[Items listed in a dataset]
________________________________________
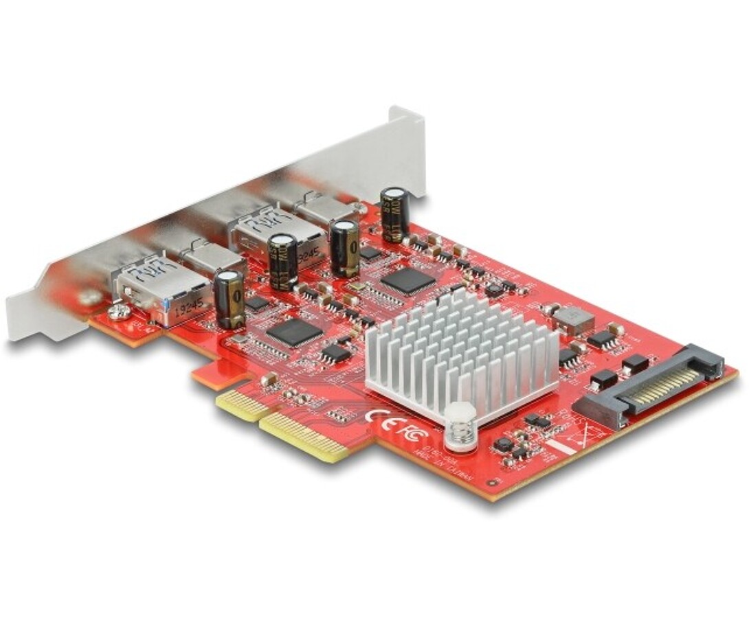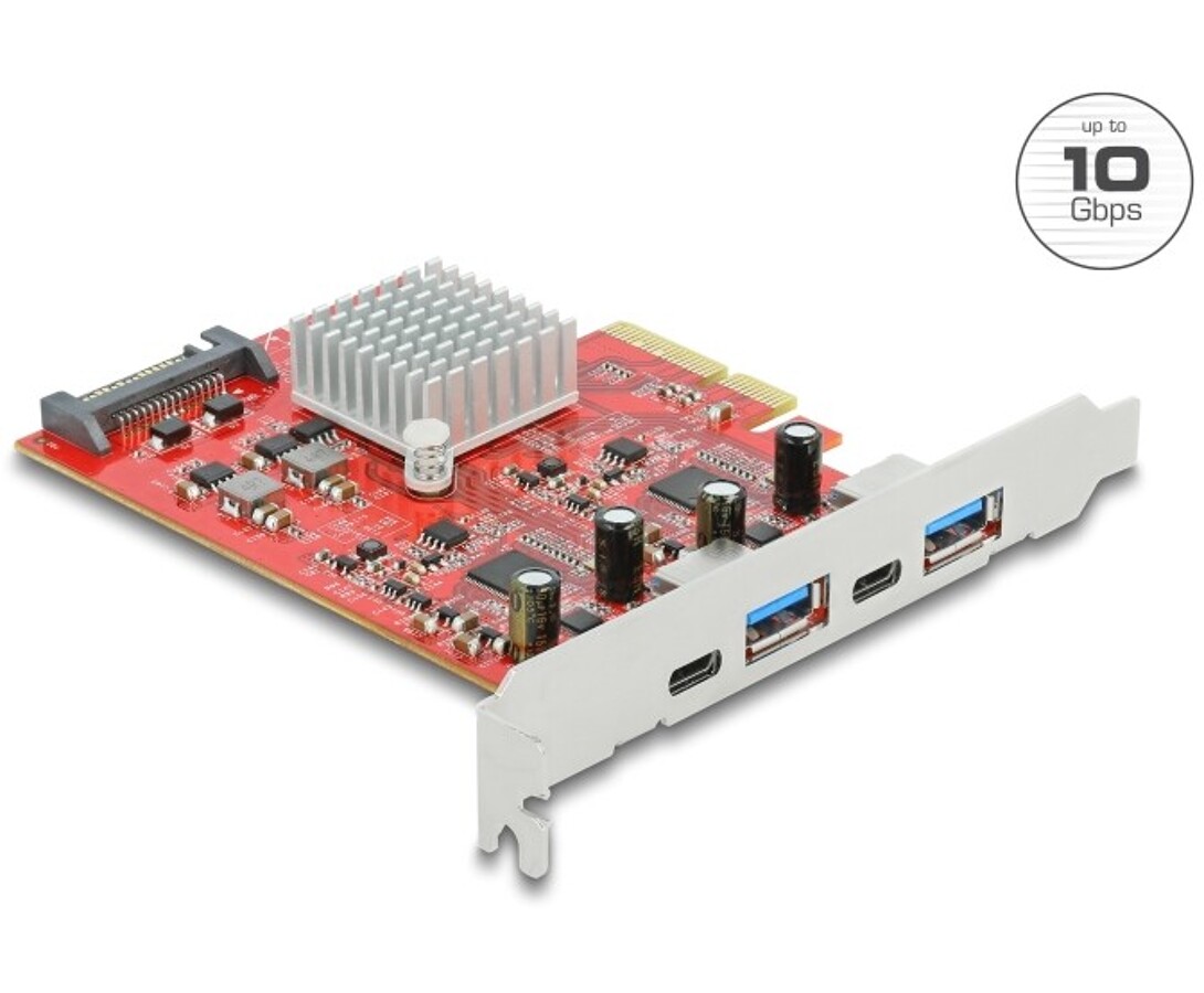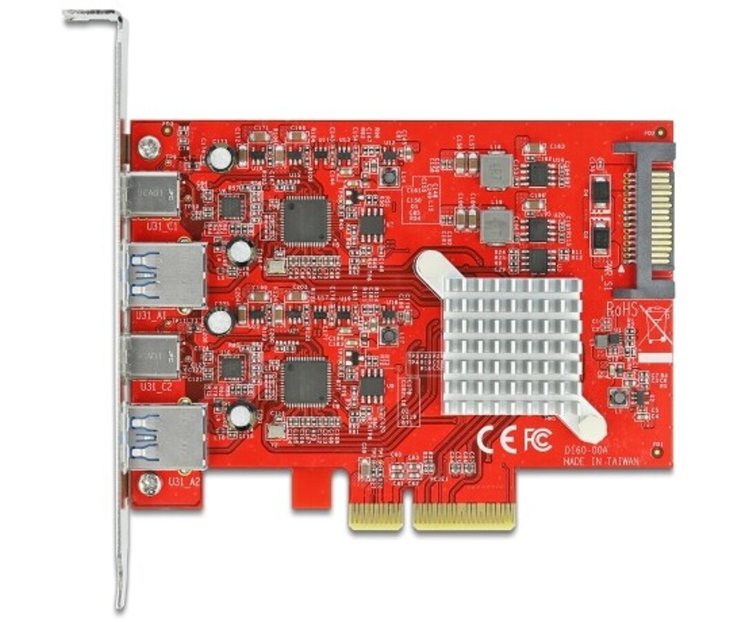 Karta PCI Express marki Delock rozszerza komputer o cztery zewnętrzne porty USB 3.2 Gen 2, w tym dwa porty USB typu C i dwa porty USB typu A, umożliwiając jednoczesne podłączenie różnych urządzeń, takich jak stacje dokujące, czytniki kart czy obudowy zewnętrzne. Konstrukcja typu dual channel z dwoma niezależnymi chipsetami Asmedia ASM3142 dla każdego portu zapewnia pełną prędkość transmisji 10Gb/s na wszystkich portach równocześnie. Zasilanie realizowane jest przez złącze PCI Express, a w razie potrzeby możliwe jest podłączenie dodatkowego zasilania przez 15-pinowe złącze SATA. Każdy port USB typu C oferuje moc do 15 W, a porty typu A do 10 W. Urządzenie jest kompatybilne z interfejsem xHCI 1.1, obsługuje funkcję rozruchową oraz pełną zgodność wsteczną z wcześniejszymi standardami USB.
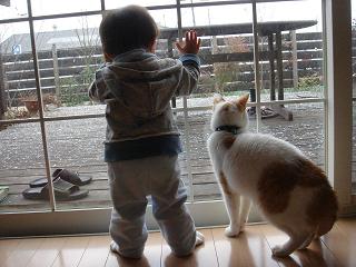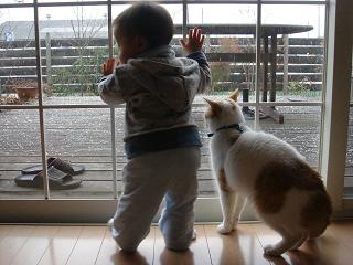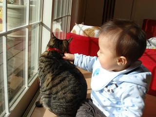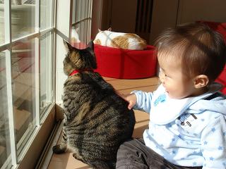 日課の子守にゃ。
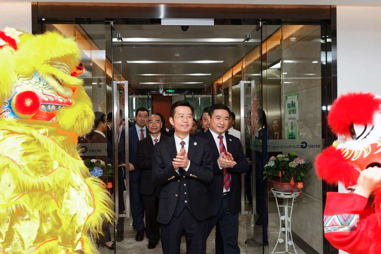 鸣锣开市,在北部湾港股份,周少波敲响北部湾港新年高质量发展新号角,“锵……”伴随着一声响亮的铜锣之音!送来集团公司领导班子的龙年新春祝福。
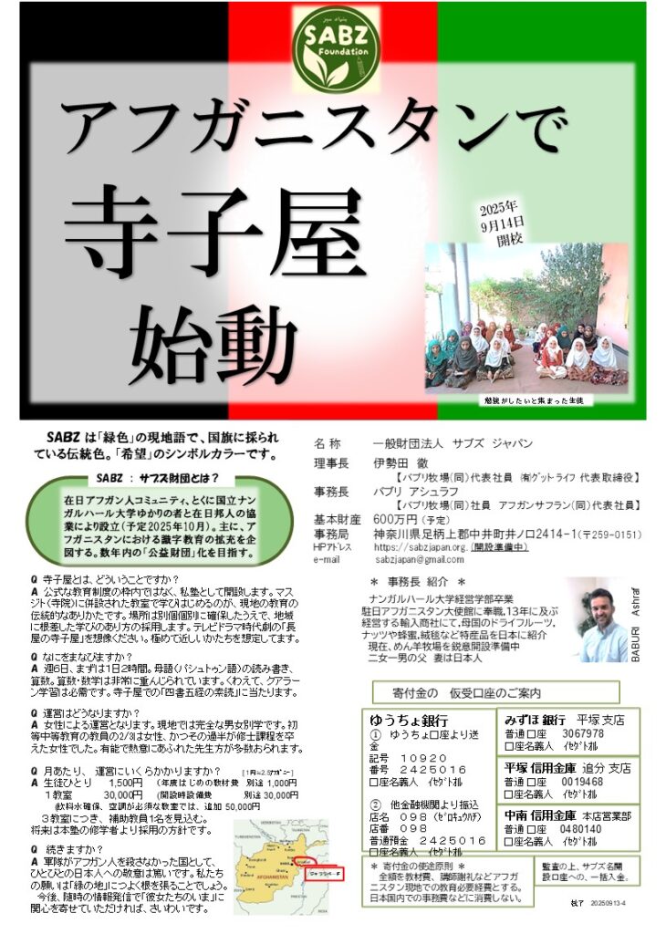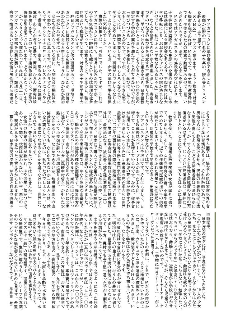 バブリ アシュラフさんと同行された伊勢田さんの活動について紹介をいたします。アフガニスタンでは、女子教育をこれから広げていこうということをされています。趣旨にご賛同の方は、ぜひ寄付もよろしくお願いいたします。
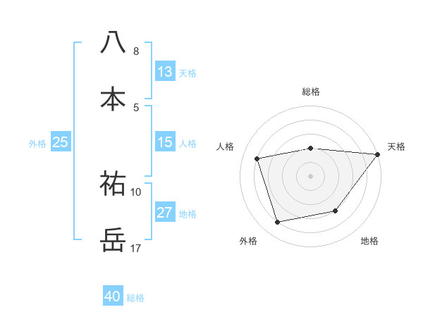 八本 祐岳さんの天格は13画の5点!
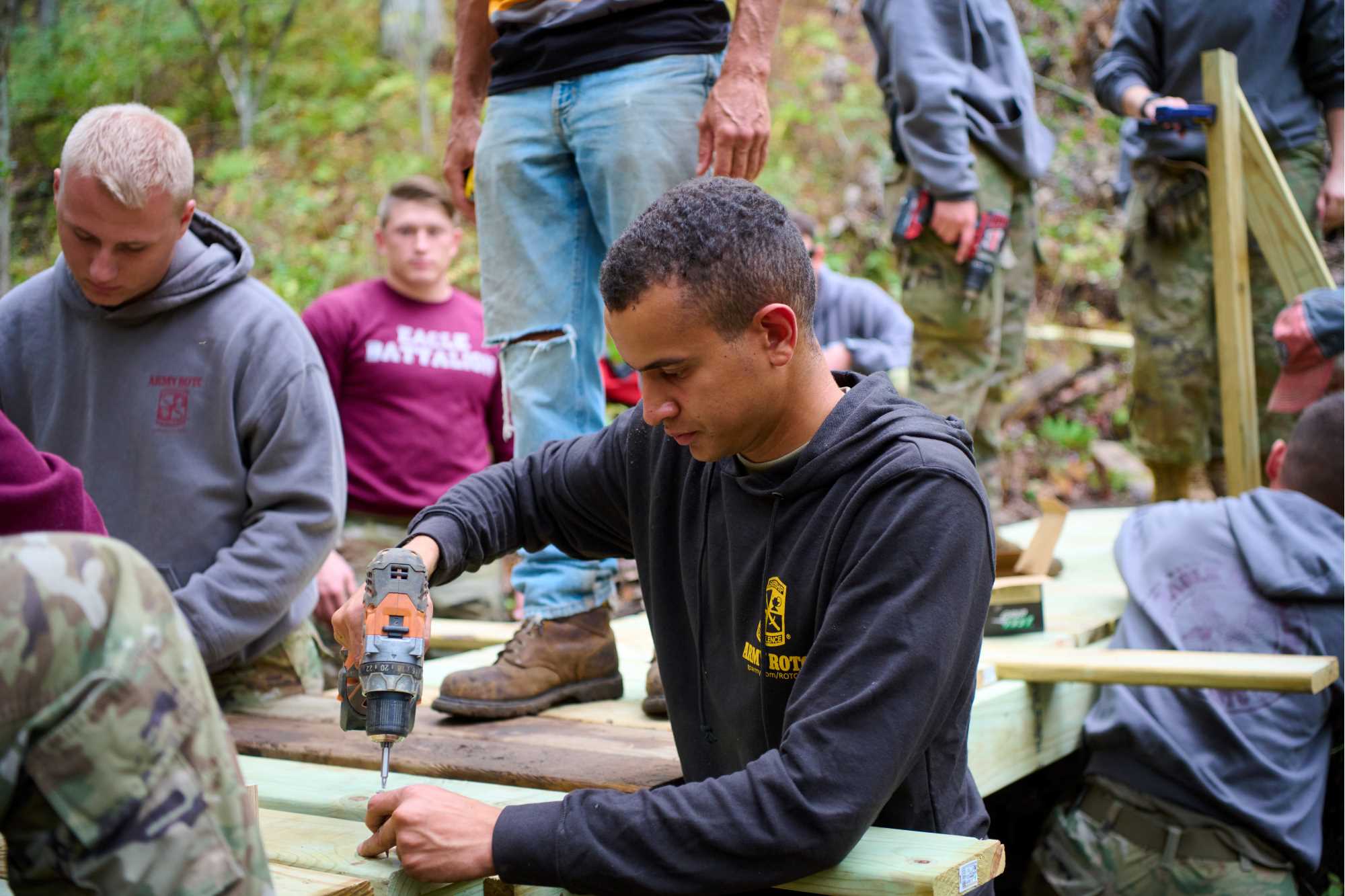 The ROTC Eagles Battalion rebuild bridges in Hixon Forest.
________________________________________
* WHAT NEEDS TO BE DONE *
Your answer must consist only of the lines from the one containing "鸣锣开市,在北部湾港股份,周" through the end of the entries, restated word for word, with no pictures.

* TASK RESULT *
 鸣锣开市,在北部湾港股份,周少波敲响北部湾港新年高质量发展新号角,“锵……”伴随着一声响亮的铜锣之音!送来集团公司领导班子的龙年新春祝福。
 バブリ アシュラフさんと同行された伊勢田さんの活動について紹介をいたします。アフガニスタンでは、女子教育をこれから広げていこうということをされています。趣旨にご賛同の方は、ぜひ寄付もよろしくお願いいたします。
 八本 祐岳さんの天格は13画の5点!
 The ROTC Eagles Battalion rebuild bridges in Hixon Forest.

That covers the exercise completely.